**Work task:**
The output should match, line for line, the records from the line containing "Now begin filling" through the line containing "LDK19) | ||", with every picture left out.

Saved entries
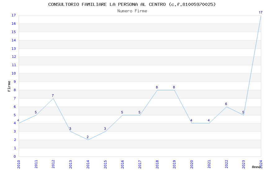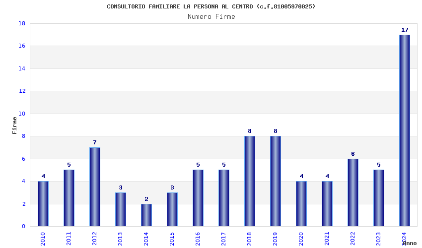 | Anno | Firme | Importi | Media | Naz. | Reg. | Prov. | Comu. |
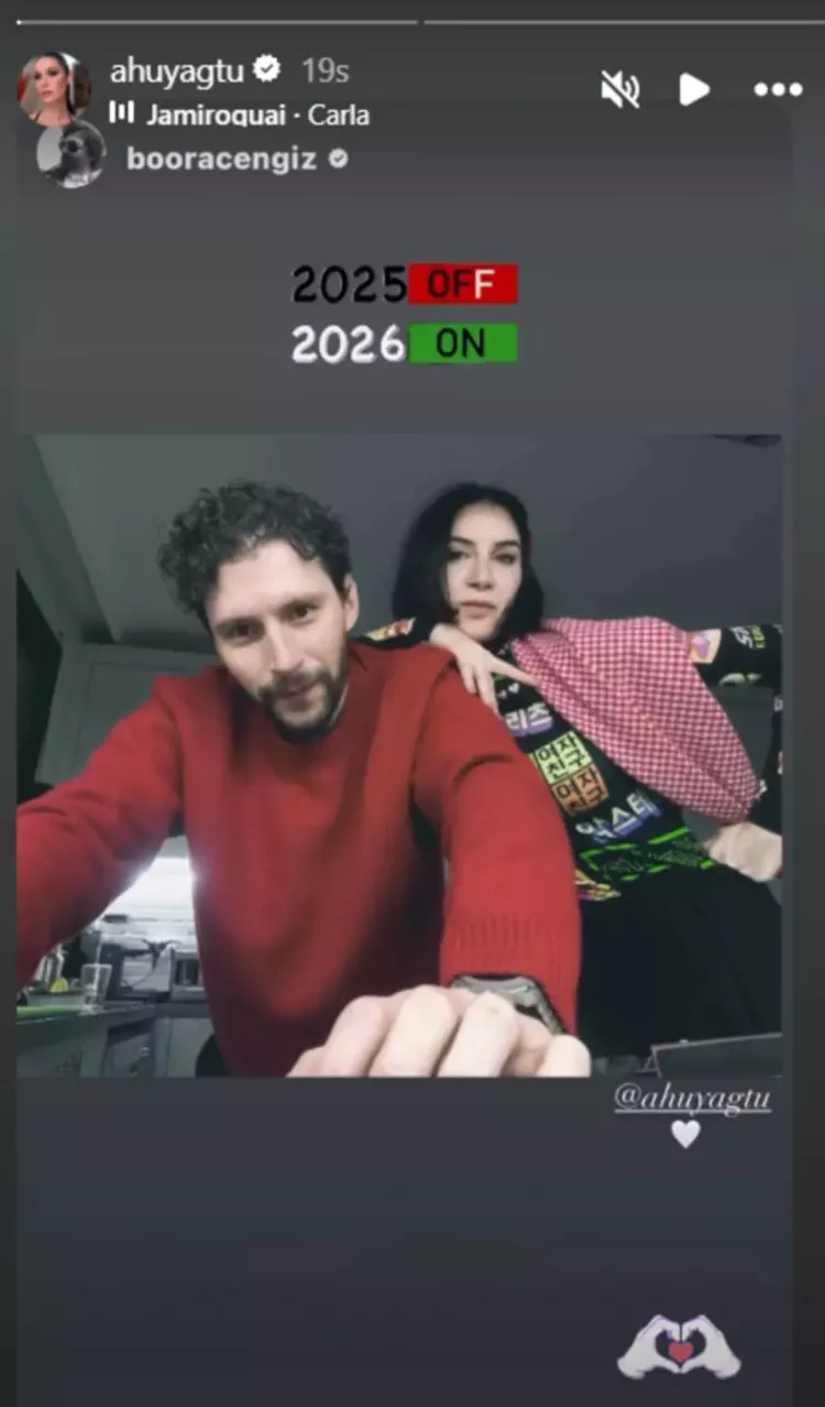 Kasım ayında aşk yaşadıkları öğrenilen Ahu Yağtu ve Bora Cengiz, ilişkilerini bugüne kadar gözlerden uzak tutmayı tercih etti. Çift, yeni yıl gecesinde bu sessizliği bozdu ve birlikte geçirdikleri anları ilk kez sosyal medyada paylaştı. Yeni yılı birlikte karşılayan ikilinin fotoğrafı, Bora Cengiz’in hesabından yayımlandı.
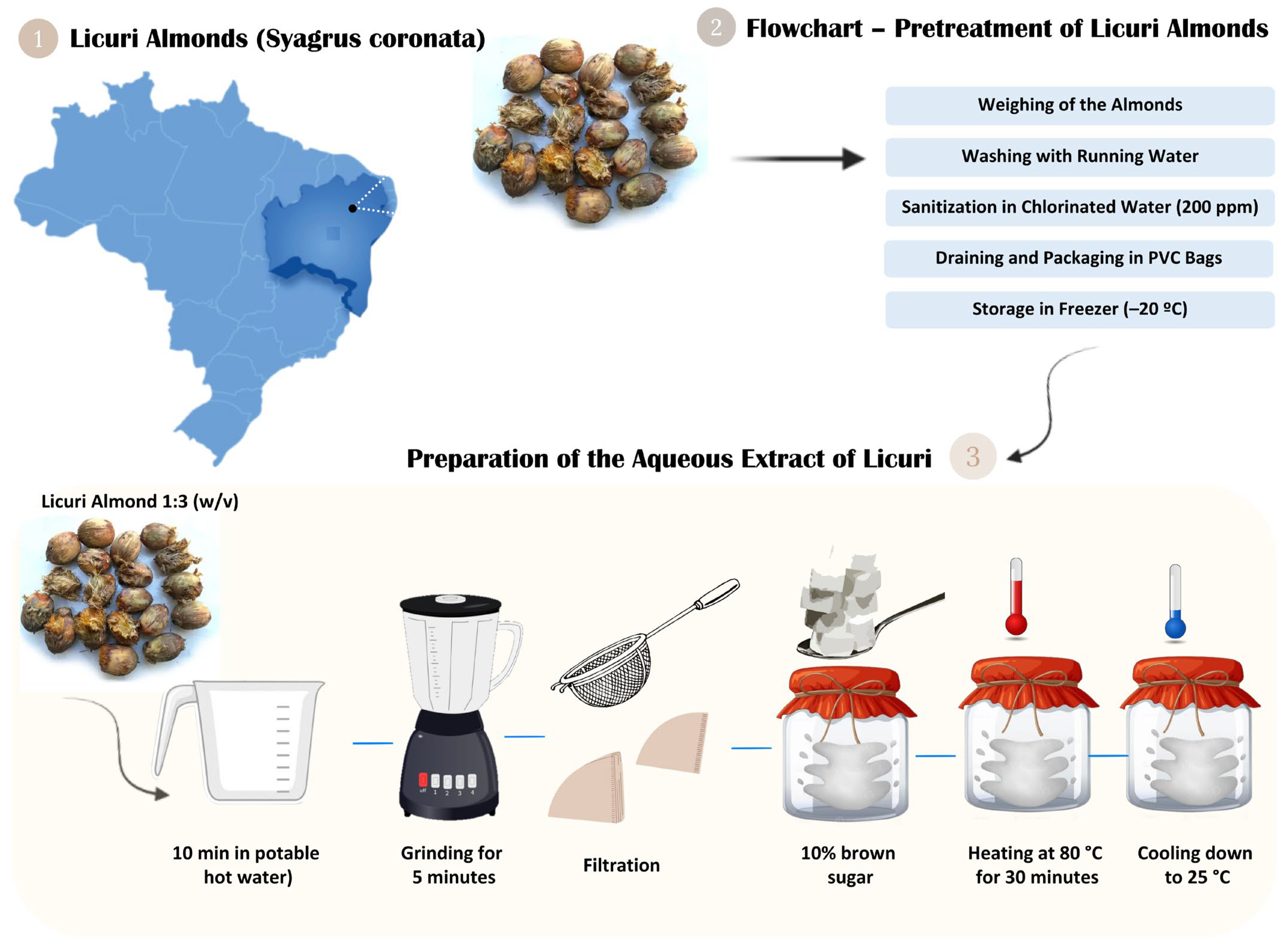 The licuri aqueous extract (LAE) was prepared by mixing the almonds with drinking water at a 1:3 (w/v) ratio, followed by heating for 10 min. The mixture was homogenized for 5 min using a Mondial Easy Power 550 W blender (Mondial, Conceição do Jacuípe, Brazil), then filtered through a sieve and filter paper. Brown sugar (10%, w/v) was added, and the extract was manually pasteurized on a hot plate (Cientec CT 339, Cientec, Sao Paulo, Brazil) using a thermometer (Deltt DT-650, Sao Paulo, Brazil) to maintain 85 °C for 30 min, then cooled to 25 ± 2 °C [13]. The complete procedure is illustrated in Figure 1.
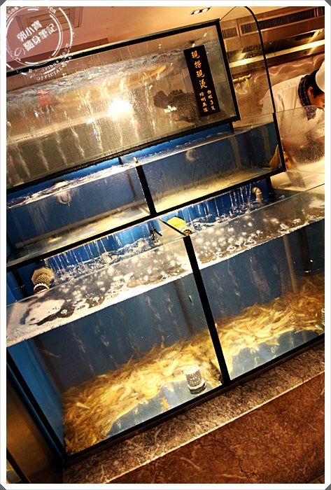 旁邊有一個階梯式的水族箱,據說本來是要給一家大小的親子互動的,撈活蝦現煮,但是因為幾乎全部的客人都不想沾濕手,所以變成了水族箱,詢問了一下工作人員後,他們表示其實並不會把裡面的死蝦撈起來烹煮,內場還是使用新鮮的活蝦做料理,其實這水族箱應該徹掉會比較好,避免消費者擔心會用水族箱的死蝦來烹煮。 |
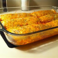 Now begin filling the tortillas with the chicken mix. Lay about a cup of mix along the center line, fold the flap over and roll them up like a cigar. Place them, seam side up, in the pan and repeat until you reach the other side. You may have to squish to fit them. Spread the remaining soup mixture over the top, taking care to coat all the edges. Top with shredded cheese. Cover with foil and either freeze or bake at 350 degrees until center is bubbly—about 40 minutes. (If the pan is so high that the foil touches the enchiladas the cheese will stick to the foil, so suspend the foil above with toothpicks inserted into the food.) Remove the foil during the last few minutes taking care not to let the cheese brown.
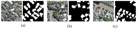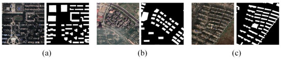Sample images from the WHU building dataset: (a–c) Original images (left) and corresponding labels (right).
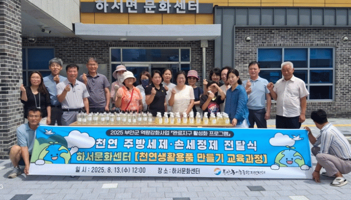 부안군 농어촌종합지원센터 관계자는 “이번 교육과정은 생활 속 친환경 실천을 배우는 기회이자, 참여자들이 제작한 천연생활용품을 통해 지역사회 나눔 문화를 활성화한 의미 있는 활동”이라며 “앞으로도 지역사회와 함께하는 다양한 프로그램을 지속적으로 운영하겠다”고 말했다.
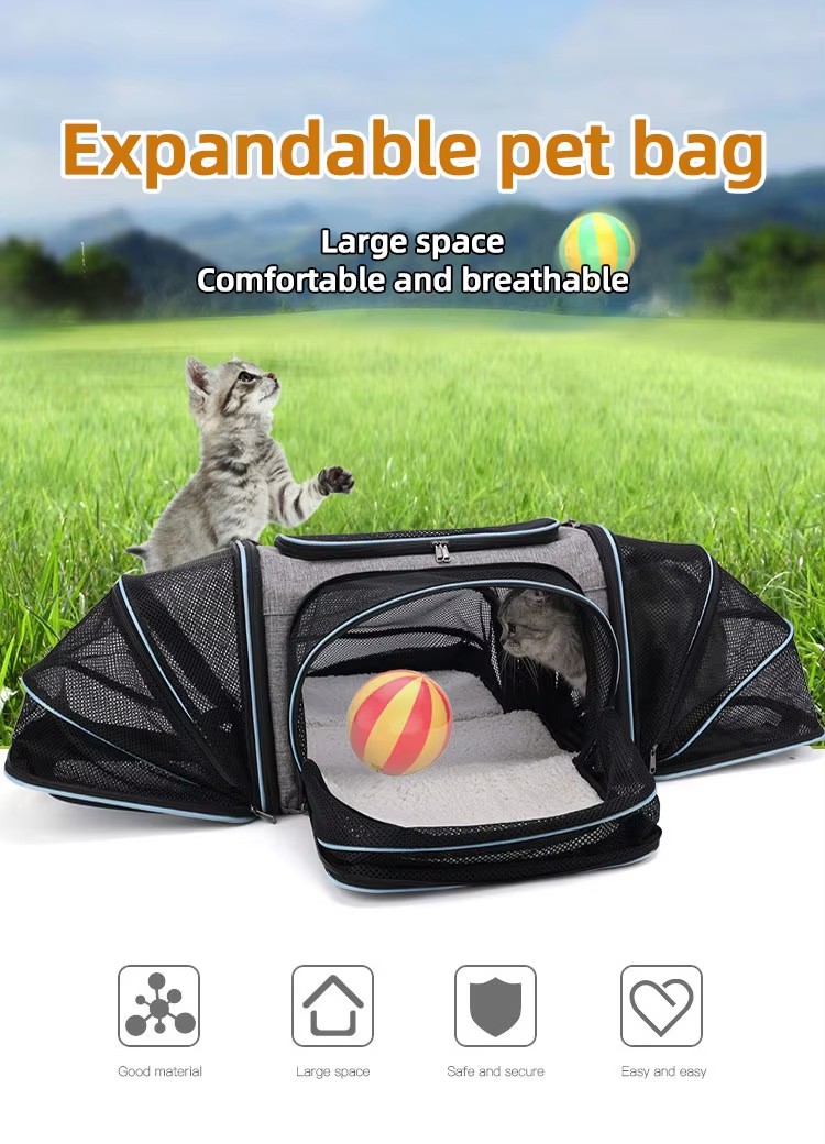 Double-sided fan-shaped expansion, double the space, pets can move freely inside, unlocking a new travel posture.The large opening design makes it easier for pets to enter and exit.
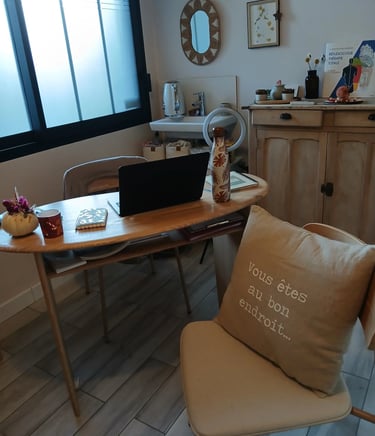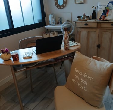 Les séances au cabinet vous offrent un cadre accueillant qui favorise une déconnexion complète de votre environnement quotidien et une concentration optimale pour votre accompagnement.
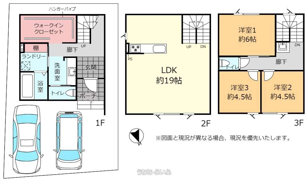 | 間取り | 3LDK ( 洋6 洋4.5 洋4.5 LDK19) | ||
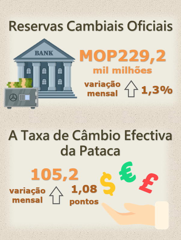 A taxa de câmbio efectiva da pataca, ponderada pelas suas quotas do comércio, foi de 105,2 em Abril de 2024, registaram acrescimentos de 1,08 pontos e 4,09 pontos, respectivamente, em comparação com os dados registados no mês anterior e os reportados a Abril de 2023, implicando que globalmente, a pataca subiu face às moedas dos principais parceiros comerciais de Macau.

**Result for this exercise:**
 Now begin filling the tortillas with the chicken mix. Lay about a cup of mix along the center line, fold the flap over and roll them up like a cigar. Place them, seam side up, in the pan and repeat until you reach the other side. You may have to squish to fit them. Spread the remaining soup mixture over the top, taking care to coat all the edges. Top with shredded cheese. Cover with foil and either freeze or bake at 350 degrees until center is bubbly—about 40 minutes. (If the pan is so high that the foil touches the enchiladas the cheese will stick to the foil, so suspend the foil above with toothpicks inserted into the food.) Remove the foil during the last few minutes taking care not to let the cheese brown.
Sample images from the WHU building dataset: (a–c) Original images (left) and corresponding labels (right).
 부안군 농어촌종합지원센터 관계자는 “이번 교육과정은 생활 속 친환경 실천을 배우는 기회이자, 참여자들이 제작한 천연생활용품을 통해 지역사회 나눔 문화를 활성화한 의미 있는 활동”이라며 “앞으로도 지역사회와 함께하는 다양한 프로그램을 지속적으로 운영하겠다”고 말했다.
 Double-sided fan-shaped expansion, double the space, pets can move freely inside, unlocking a new travel posture.The large opening design makes it easier for pets to enter and exit.
 Les séances au cabinet vous offrent un cadre accueillant qui favorise une déconnexion complète de votre environnement quotidien et une concentration optimale pour votre accompagnement.
 | 間取り | 3LDK ( 洋6 洋4.5 洋4.5 LDK19) | ||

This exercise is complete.